But with different acceleration profiles. For the F0 rocket, the velocity
is going from v to 0 (relative to F0) at a constant acceleration as
measured from the frame in which the rocket is at rest POST-burn (F0). For
the F1 rocket, the the velocity is going from v to 0 (relative to F0) at a
constant acceleration as measured from the frame in which the rocket is at
rest PRE-burn (F1). The latter is because you specified that the F1 rocket
is designed the same way as the F0 rocket, which means that it is designed
to burn in such a way that it has a constant acceleration from the frame in
which it was at rest PRE-burn.
Since the burns cannot be constant (and in fact, one applies more and more
force to the rocket, and the other applies less and less force to the
rocket), they cannot accelerate the same way.
>
>> Now it should be obvious why the F0 rocket decelerating from being at rest
>> in F1 to at rest in F0 is different than the F1 accelerating from being at
>> rest in F1 to at rest in F0. The burn profiles are completely different for
>> acceleration and deceleration. But you’ve insisted the rockets are
>> identical, and so you are racing one that is on an acceleration burn
>> against one that is on a deceleration burn. They won’t be side by side.
>
> When you say the "burn profiles are different" for accelerating versus
> decelerating, I said that in F0 the acceleration of the F0 rocket is
> |3*sqrt(3)/2 meters per second squared| whether the rocket is
> accelerating or decelerating,
That’s right. But I explained to you that this demands different burn
profiles. In the case of accelerating, you have to apply more and more
force with time to maintain the same acceleration as viewed from the F0
frame. In the case of decelerating, you have to apply less and less force
with time to maintain the same acceleration as viewed from the F0 frame.
This is what you learn from a children’s book about relativity — that a
constant applied force does not produce a constant acceleration.

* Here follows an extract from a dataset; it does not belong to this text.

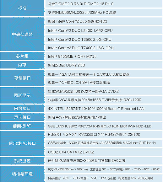 CP6-H6BC5是一款基于Intel 945GME+ICH7M芯片組架構刀片加固CPCI板;

Now, from the F1 frame, if there were a rocket fired from rest in F0 and
more and more force were applied with time, the acceleration of that rocket
as viewed from F1 will SURELY not be constant, even it’s constant with
respect to F0. In fact, F1 will see that rocket’s acceleration (from -v to
0, with respect to F1) get higher and higher with time.
You are mistakenly thinking “F=ma. Constant acceleration means constant
force.” But F=ma is not the right rule. F=dp/dt is the right rule, and in
this rule, a constant force produces a constant change in momentum, but not
a constant acceleration. To produce a constant acceleration, you have to
increase the force with time, as viewed in a frame in which the object is
initially at rest and speeding to moving; and to decrease the force with
time, as viewed in a frame in which the object is initially moving and is
slowing to rest.
> just as they are as measured in F1 for the F1 rocket. What do you mean
> that they are different?
> David Seppala
> Bastrop TX
>